== Segment start ==

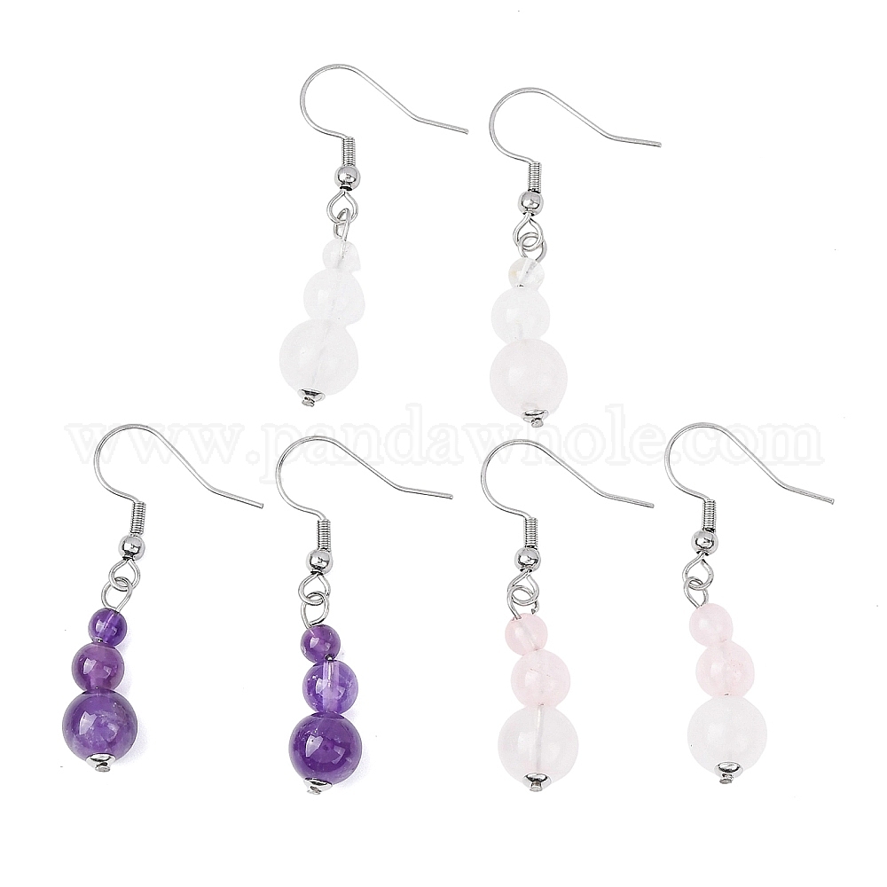 3 пары 3 стили серьги с подвесками из драгоценных камней, с 304 швензами из нержавеющей стали, круглые, цвет нержавеющей стали
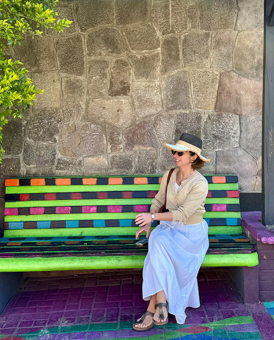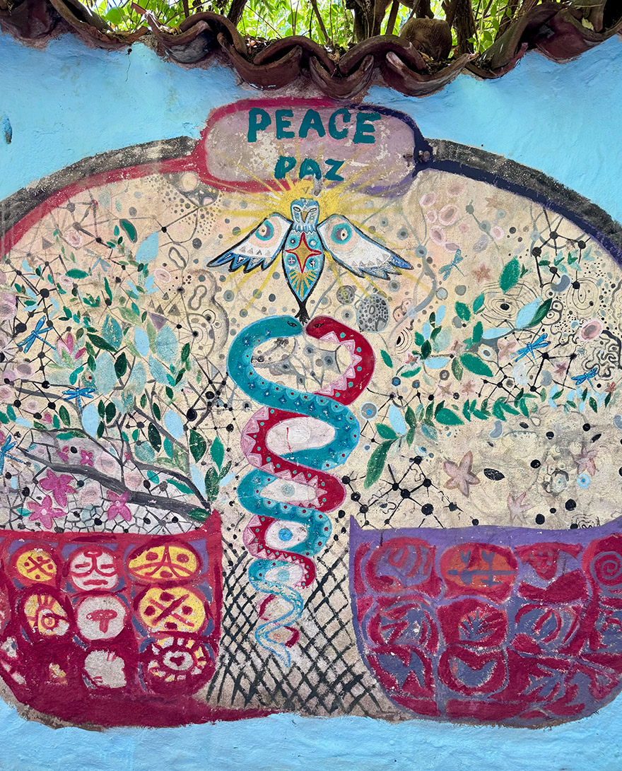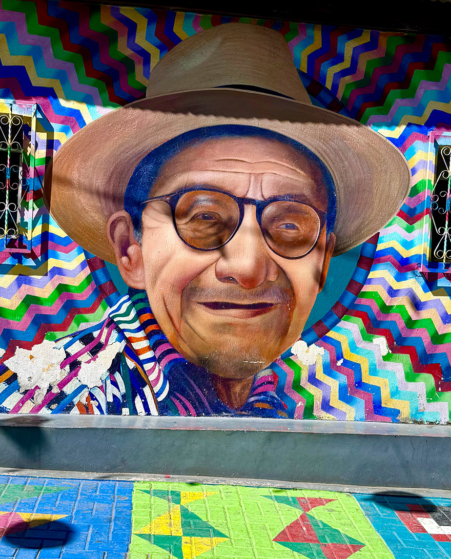 Much more interesting was “Calle de los Sombreros”, where murals feel more local, and the whole village infrastructure becomes part of the gallery – painted benches, bright corners, and public spaces that look like they’ve been designed to make people smile.
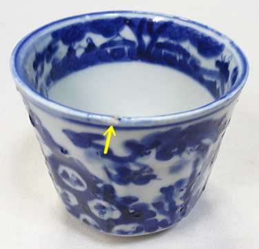 側面に釉爆ぜ複数見られます。 この1客は口縁に釉爆ぜの極小削げがあります。 拡大画像。窯傷で少し膨れたところに釉薬の薄い削げがあります。 同じ1客。高台内側に小削げあります。特に問題ございません。 注文番号:NO.K-1334 閉じる
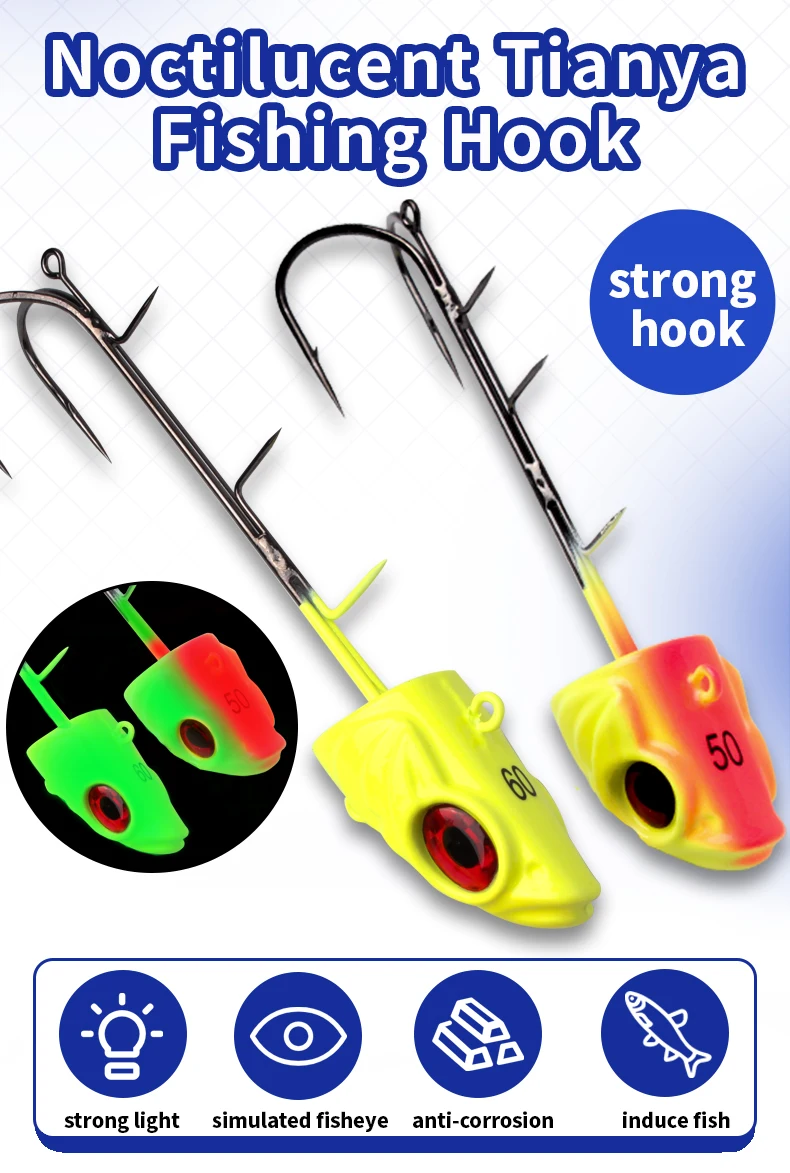 Ruke-anzuelos de pesca Tianya con ojo brillante, anzuelo triple de 150/190/225g, acero rico en carbono para agua dulce y salada, 1 ud.
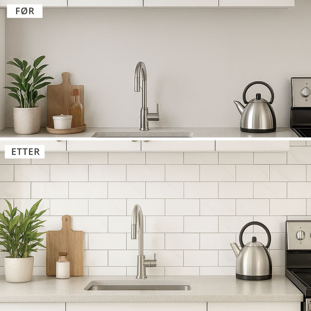 Er du lei av flisene på kjøkkenveggen? Eller kanskje på badet? Premium selvklebende veggfliser kan forvandle et rom på minutter!
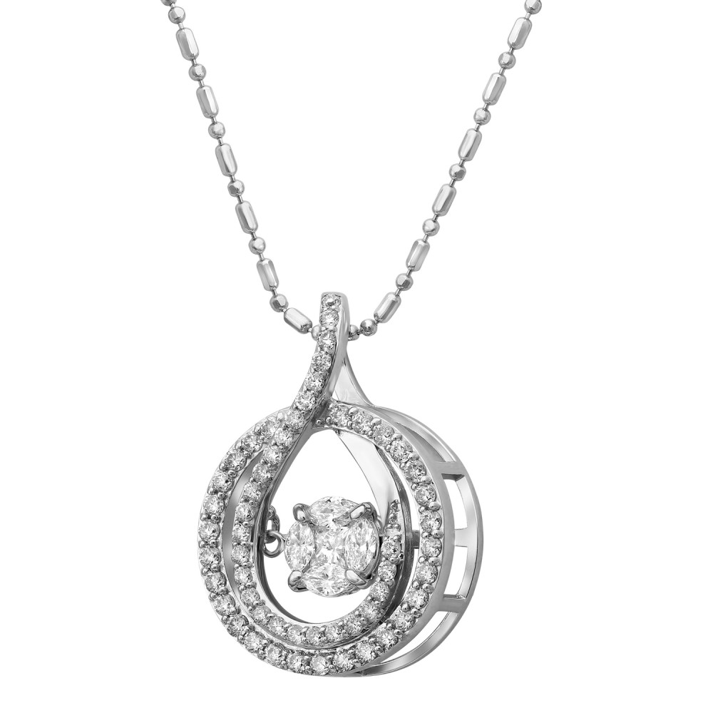14K white gold necklace set with 0.75 carat Diamonds. The Dancing center features 0.32 carat marquise and princess fusion set diamonds and the halo is set with 0.44 carat round diamonds. Chain sold separately.
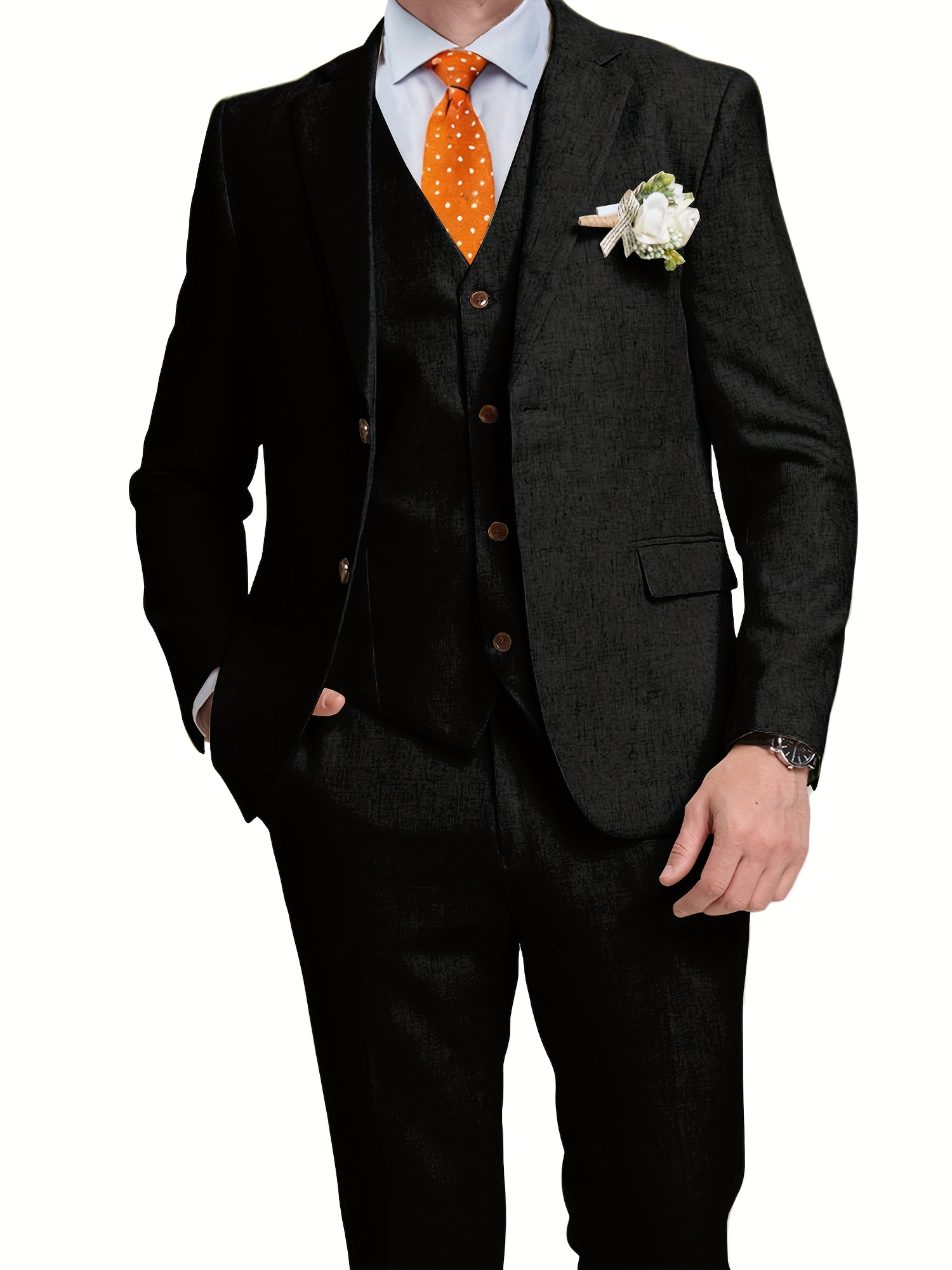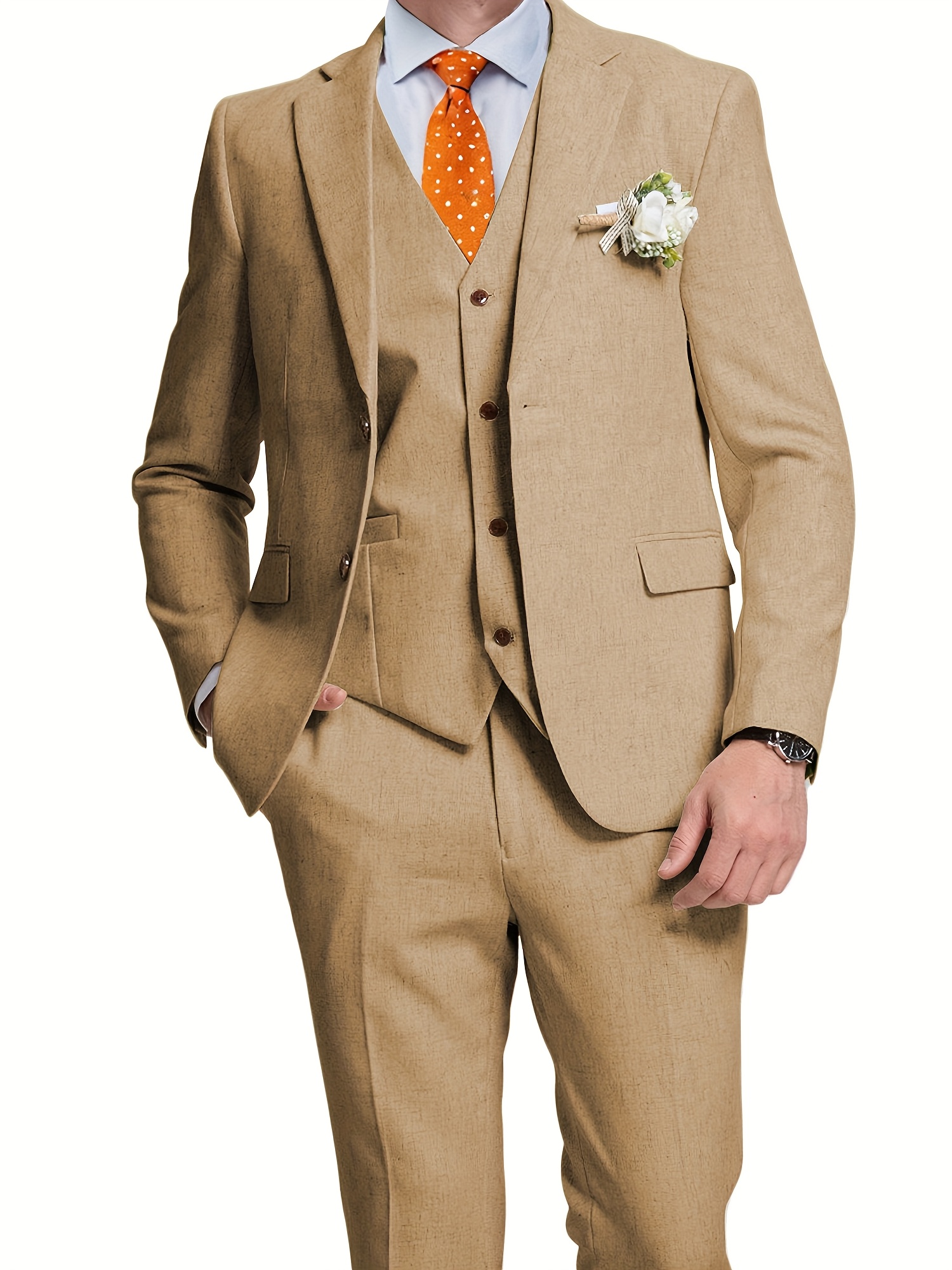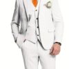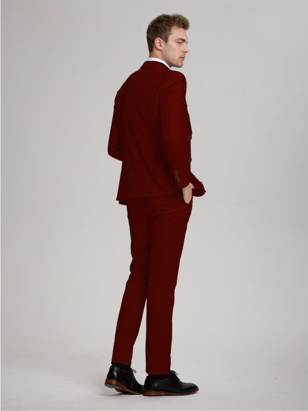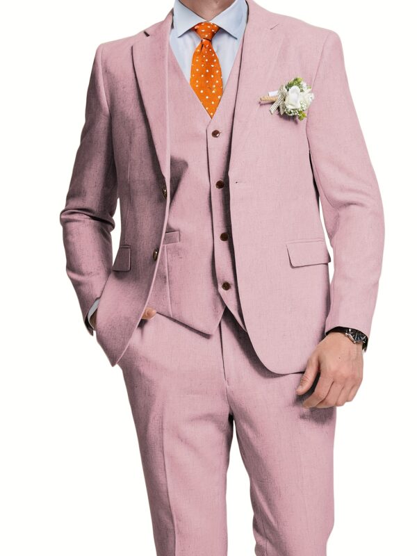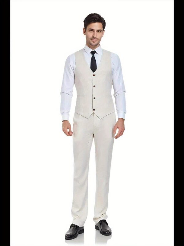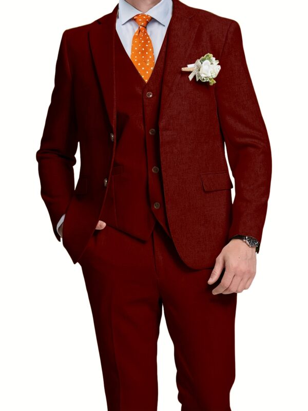 - تصميم ثلاثي القطع متكامل: يتضمن الطقم سترة أنيقة، سترة صدرية (فيست) كلاسيكية، وبنطالًا بقصة عصرية، مما يمنحك خيارات متعددة للتنسيق وإطلالات مختلفة تناسب كل حدث، من الرسمي إلى الأنيق غير الرسمي.

== Segment end ==

▶ _TASK DIRECTIONS_: Transcribe exactly the span of lines that opens with the line holding "14K white gold" and closes with the last line of the entries above. Omit pictures.

▶ _TASK OUTPUT_:
14K white gold necklace set with 0.75 carat Diamonds. The Dancing center features 0.32 carat marquise and princess fusion set diamonds and the halo is set with 0.44 carat round diamonds. Chain sold separately.
 - تصميم ثلاثي القطع متكامل: يتضمن الطقم سترة أنيقة، سترة صدرية (فيست) كلاسيكية، وبنطالًا بقصة عصرية، مما يمنحك خيارات متعددة للتنسيق وإطلالات مختلفة تناسب كل حدث، من الرسمي إلى الأنيق غير الرسمي.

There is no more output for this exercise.